Malaysia concedes on PM’s payment allegations – but the excuses, and harassment, go on


Despite all this, Malaysian authorities produced not one example of false reporting on my part – only various excuses for what I have brought to the public’s attention.

Clare Rewcastle Brown, The Independent

The announcements by Malaysia’s Prime Minister and his newly appointed attorney general (the last one got sacked after taking a less forgiving view of his bosses’ actions) provide a welcome, if indirect, vindication of my reporting of what I described as a “massive corruption scandal” over the past few months.

The Malaysian authorities have confirmed some of my core allegations: that $681m was paid into Najib Razak’s private bank accounts before the 2013 election, and that a further sum equivalent to more than $10m was channelled into another of his private accounts from a public company, SRC International, that he controlled, and which raised money from a public pension fund.

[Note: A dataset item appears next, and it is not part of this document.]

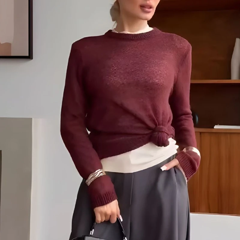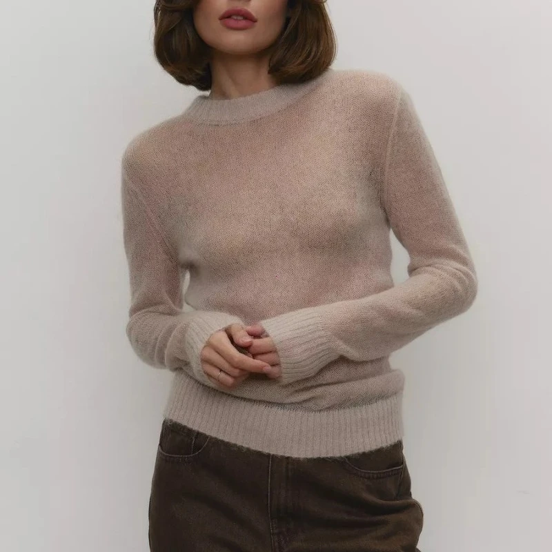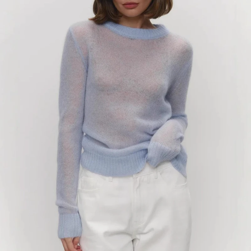 trendy Knit Sweater Women’s Long Sleeves O-Neck Pullover Sweater Lady Loose See Through Top Solid Casual tops women clothing

Now Mr Najib has come up with a series of risible excuses for these extraordinary admissions, which his loyal attorney general has chosen to believe. Whether these absolve him in public opinion is another matter entirely however, since Malaysians are gasping at what their leaders are now asking them to swallow.

First, Mr Najib’s excuse for the $681m is that an anonymous Middle Eastern donor, now said to be a Saudi royal family member, wanted to help him win the election and sent the money, no strings attached. As for the further $10m, the Prime Minister says he believed it too came from the so-called “donation”. But, as weary Malaysians observe, Mr Najib originally swore that he had taken no money for personal use. Very little adds up, in fact.